Are yellow jackets and wasps like honey bees in that once they have built a nest in a certain spot, they will nest there again because of scent left behind? i.e. if I knock a nest down, should I be concerned that they will nest in that same spot again?

No. I've knocked down probably a hundred or so bald faced hornets nest and dug up or out probably the same on yellow jackets and maybe half that many european hornets and have never observed a nest in the same spot twice. If left untreated; ie, the reproductives and foundresses are allowed to live and overwinter, there will often be nests near the area of the original nest.
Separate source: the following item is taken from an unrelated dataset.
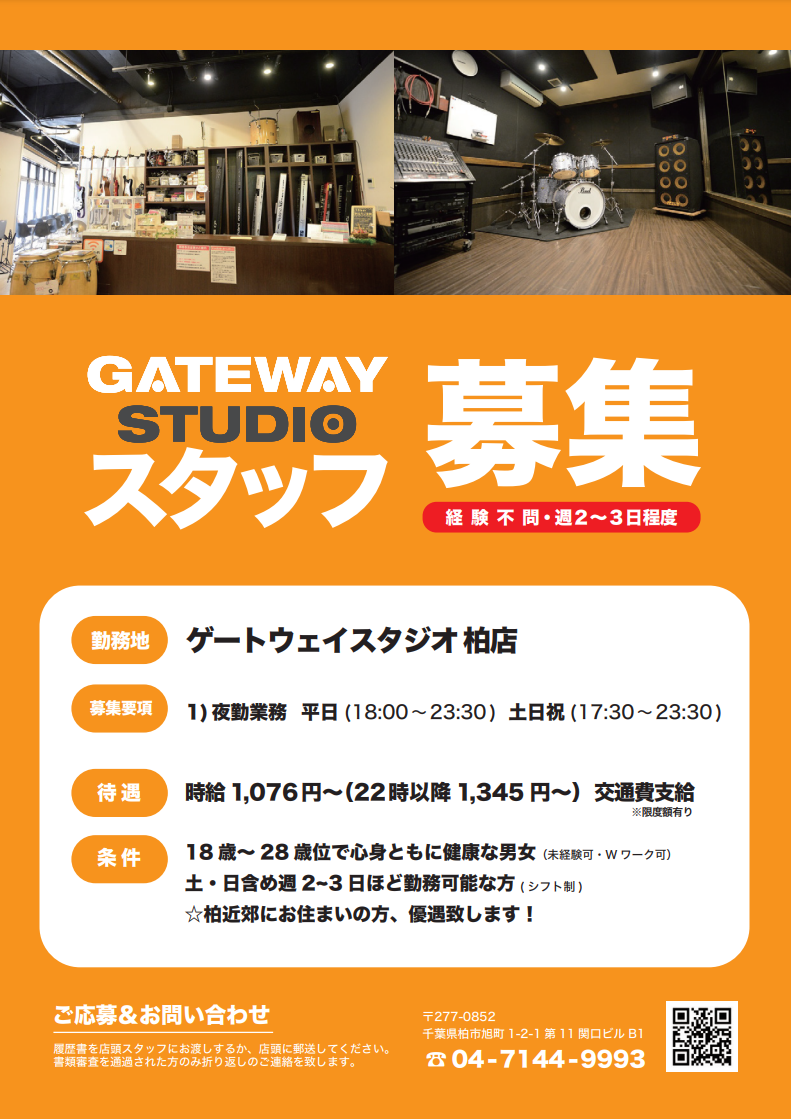 音楽スタジオ内での業務となります。 ※応募方法は各店記載の方法でお願いします。 書類選考のうえ面接を希望する場合のみご連絡します。

Just a location thing not a return to the natal nest.
Now here's one I see quite often with red or mahogany wasps. Specific structures may be plagued with annual recurring issues in the spring. Invariably these are structures that allow the foundress access to the soffits and attic where they overwinter. When the first warm days of spring arrive they will emerge enmasse and look for all the world like a swarm on the loose all around the roofline of the struture. Left untreated these structures will often have an increased number of nests around it as could nearby structures.
The protocol for treating these structures are either a general fogging of the attic , if good penetration of the soffits can be assured, or a crack and crevice treatment with a good insecticidal dust of the soffit/roofline either from the interior or exterior or better yet crack and crevice followed by fogging. Be sure that the dust is a residual like Delta so that next years that try to enter get a taste. This can even be followed with an exclusion as well being sure to seal all of these gaps that are allowing entry.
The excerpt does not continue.